Human sialic acid acetyl esterase: Towards a better understanding of a puzzling enzyme.

Author information

1
Unit of Biotechnology.
2
Unit of Biology and Genetics, Department of Molecular and Translational Medicine (DMTM), Viale Europa 11, Brescia 25123, Italy.
3
Institute of Biochemistry, Christian-Albrechts University, Otto-Hahn-Platz 9, Kiel 24118, Germany.
4
Department of Translational Immunology, Unit of Glycoimmunology, German Cancer Research Center, Im Neuenheimer Feld 280, Heidelberg 69120, Germany.
5
Unit of Biotechnology eugenio.monti@unibs.it.

Abstract

Sialic acid acetyl esterase (SIAE) removes acetyl moieties from the hydroxyl groups in position 9 and 4 of sialic acid. Recently, a dispute has been opened on its association to autoimmunity. In order to get new insights on human SIAE biology and to clarify its seemingly contradictory molecular properties, we combined in silico characterization, phylogenetic analysis and homology modeling with cellular studies in COS7 cells. Genomic and phylogenetic analysis revealed that in most tissues only the "long" isoform, originally referred to lysosomal sialic acid esterase, is detected. Using the homology modeling approach, we predicted a model of SIAE 3D structure, which fulfills the topological features of SGNH-hydrolase family. In addition, the model and site-directed mutagenesis experiments allowed the definition of the residues involved in catalysis. SIAE transient expression revealed that the protein is glycosylated and is active in vitro as an esterase with a pH optimum corresponding to 8.4-8.5. Moreover, glycosylation influences the biological activity of the enzyme and is essential for release of SIAE into the culture medium.

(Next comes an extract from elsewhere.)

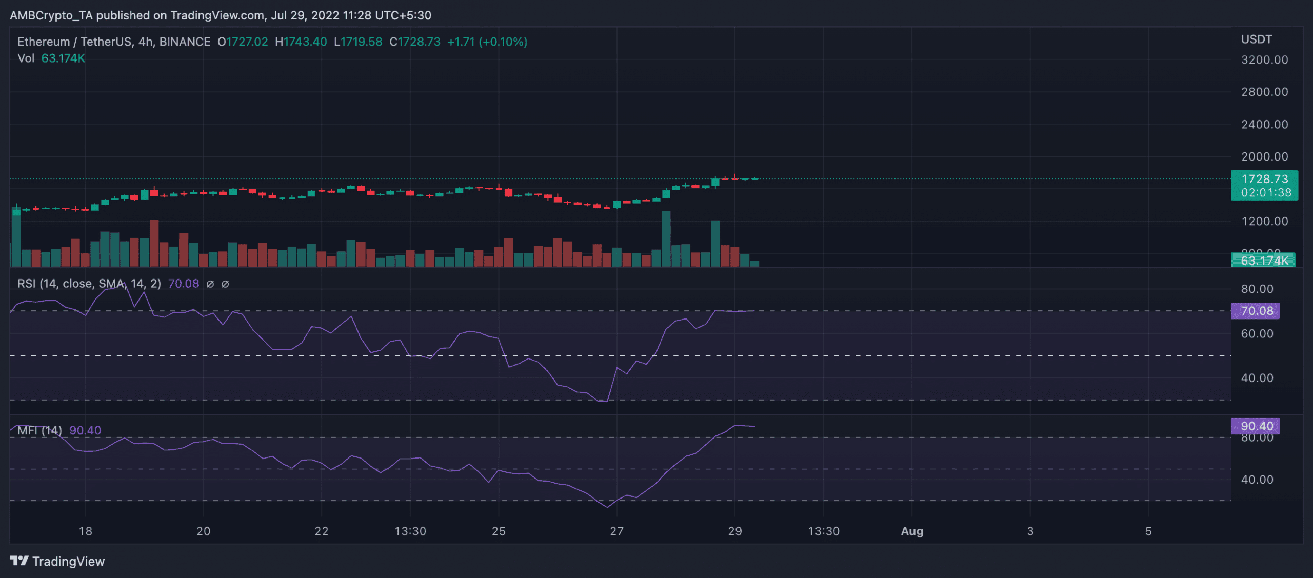 On the four-hour chart, the ETH coin was severely overbought. The token’s Money Flow Index (MFI) was spotted in an uptrend at 90.40. Similarly, its Relative Strength Index (RSI) maintained a position at 70.08 index.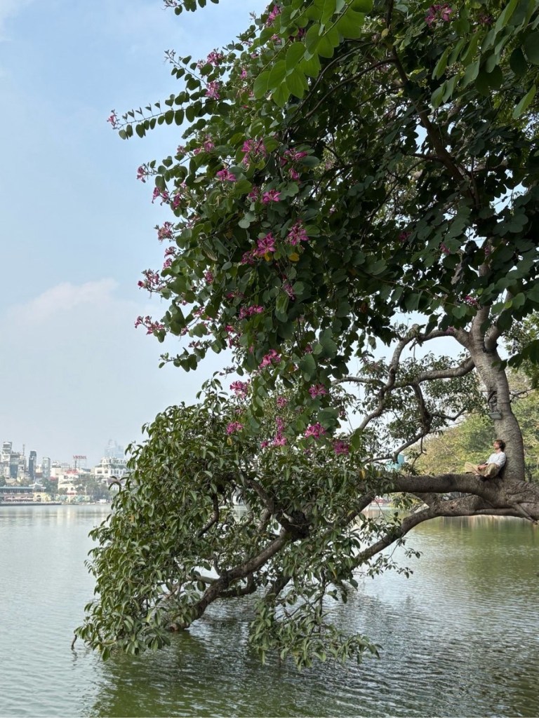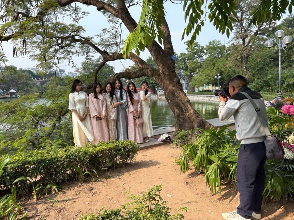 I finished with a walk around Hoàn Kiém lake. So many young ladies with photogs! I asked one why and why all in pink but this was beyond her grasp of English. Thanks to Google Translate I understood it was because Tet (New Year) was coming up and pink because it was a “gentle” color.

According to these findings, co-localization experiments demonstrated the presence of SIAE in membranous structures corresponding to endoplasmic reticulum and Golgi complex. Thus, at least in COS7 cells, SIAE behaves as a typical secreted enzyme, subjected to glycosylation and located along the classical secretory route or in the extracellular space. In these environments, the enzyme could act on 9-O-acetylated sialic acid residues, contributing to the fine-tuning of the various functions played by this acidic sugar.

KEYWORDS:

3D model; Neu5Ac; O-acetylation; in silico characterization; phylogenesis; sialic acid acetyl esterase-SIAE; subcellular localization

PMID:
26022516
DOI:
10.1093/glycob/cwv034
[Indexed for MEDLINE]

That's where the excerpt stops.